While it packs heavy film references, Anderson has been quite vocal that the primary influence on this new film is 1930s Viennese writer Stefan Zweig, who lamented the rise of fascism in Europe.

In Nick Pinkerton’s recent review of the film, he references a quote attributed to another Viennese writer, Karl Kraus. It’s a quote that gets to the heart of the passion of Gustave H and the little things in life. Pinkerton writes: “While the news of the bombing of Shanghai was on everyone’s lips, a friend encountered Kraus sitting in some coffeehouse and quibbling over matters of grammar. ‘I know that everything is in vain when the house is burning,’ Kraus said, ‘But I have to do this as long as it is at all possible; for if those who are obliged to look after commas had made sure they are always at the right place, then Shanghai would not be burning.’” 

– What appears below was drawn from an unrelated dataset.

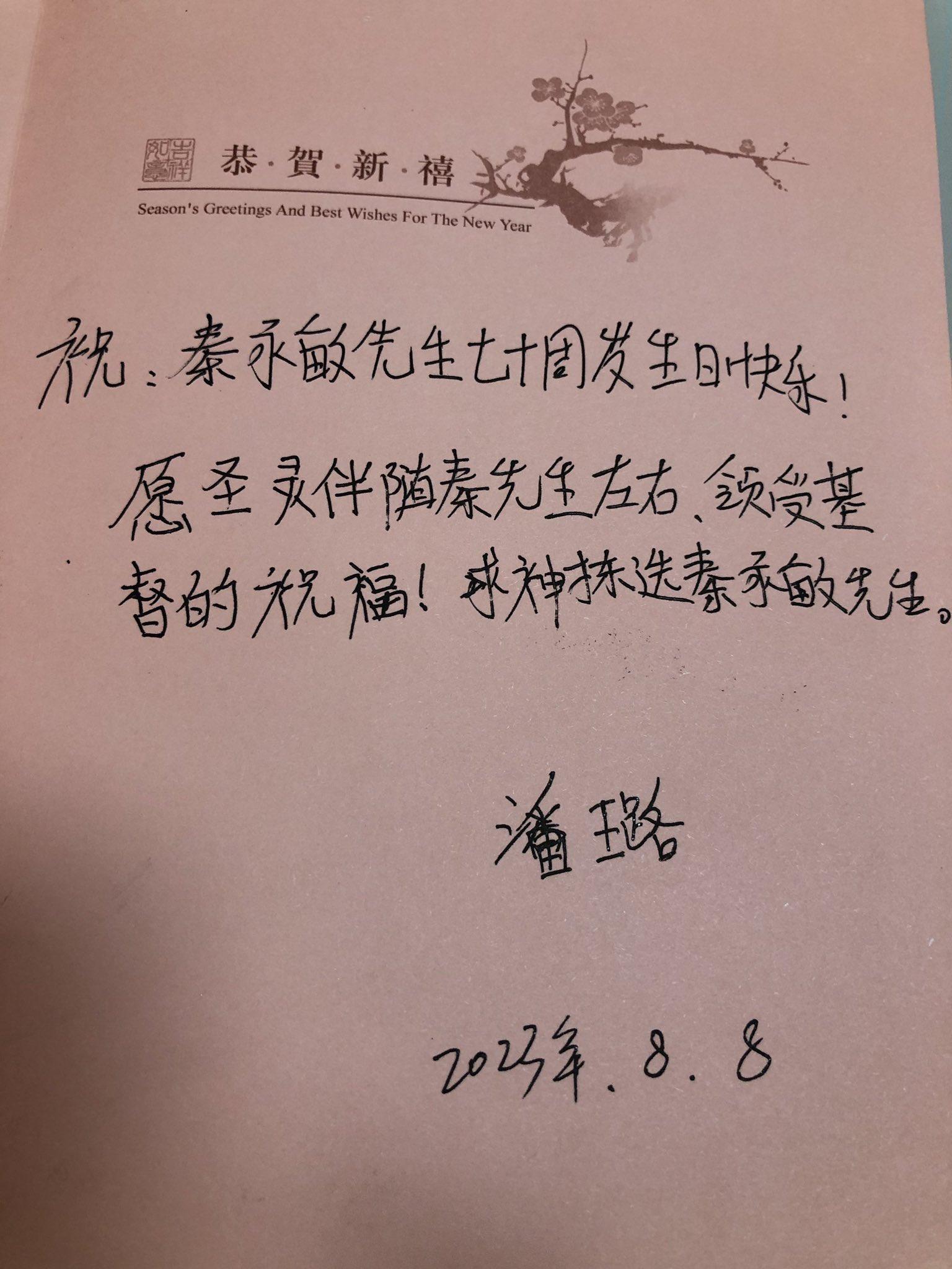 再次祝秦永敏先生70岁生日快乐!祝他身体健康!祝他早日恢复自由与家人团聚。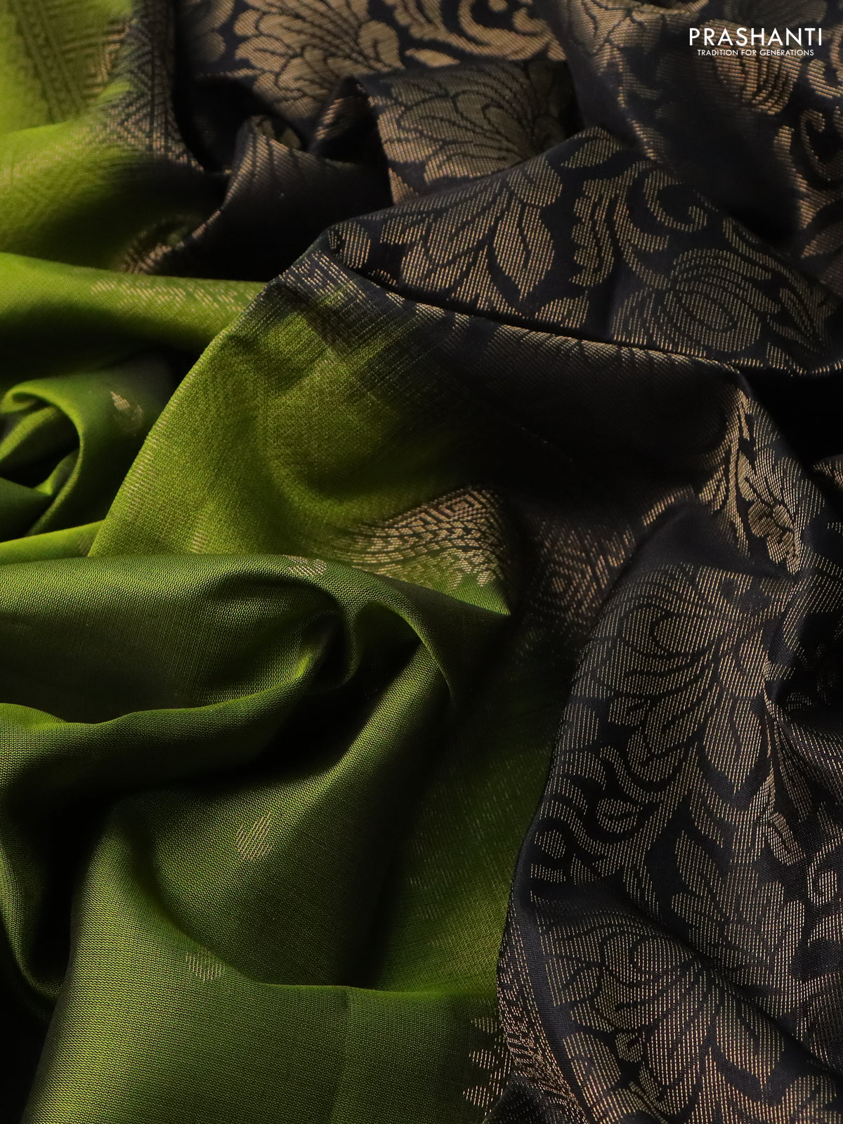 Pure soft silk saree light green and black with allover zari woven buttas and rettapet zari woven border

And that’s Gustave H in a nutshell. There’s something commendable about his commitment to hospitality. And while he panders so often to the rich (specifically in his bedding of rich, blonde octogenarians), he also cares deeply about his modest and poor protégé, the film’s protagonist Zero Mustafa (played by Tony Rivoli, a welcome addition to the Andersonian cannon). Gustave later sees to it that Zero inherits the hotel in his passing, and even if Zero is unable to stop the oncoming war and the rise of fascism, his recognition of a glorious past keeps him optimistic.

The film opens with a framing device (a girl reading a book at a writer’s grave) within a framing device (that writer addressing the audience in 1985) within a framing device (that writer first visiting the eponymous hotel in 1968). While it may seem like a superfluous Russian doll set up, the tone of these temporal shifts is in keeping with the film’s overall project. There’s a sense of nostalgia that gains weight as Anderson dives further in the past. The unseemly concrete exterior and drab interior colors during the sequences in 1968 remind us of the aesthetic volatility of communism, and allow us to yearn for the exuberant pinks of the pre-war years.

In just a few short cuts, Wes Anderson has created in his viewer a true sense of nostalgia that allows us to connect with Zero, who we find recounting his story as an old man in 1968. It’s not just a gimmick; it’s a well-planned narrative device. And it is about time we start taking Wes Anderson seriously, despite how cute the icing on his films may appear to be.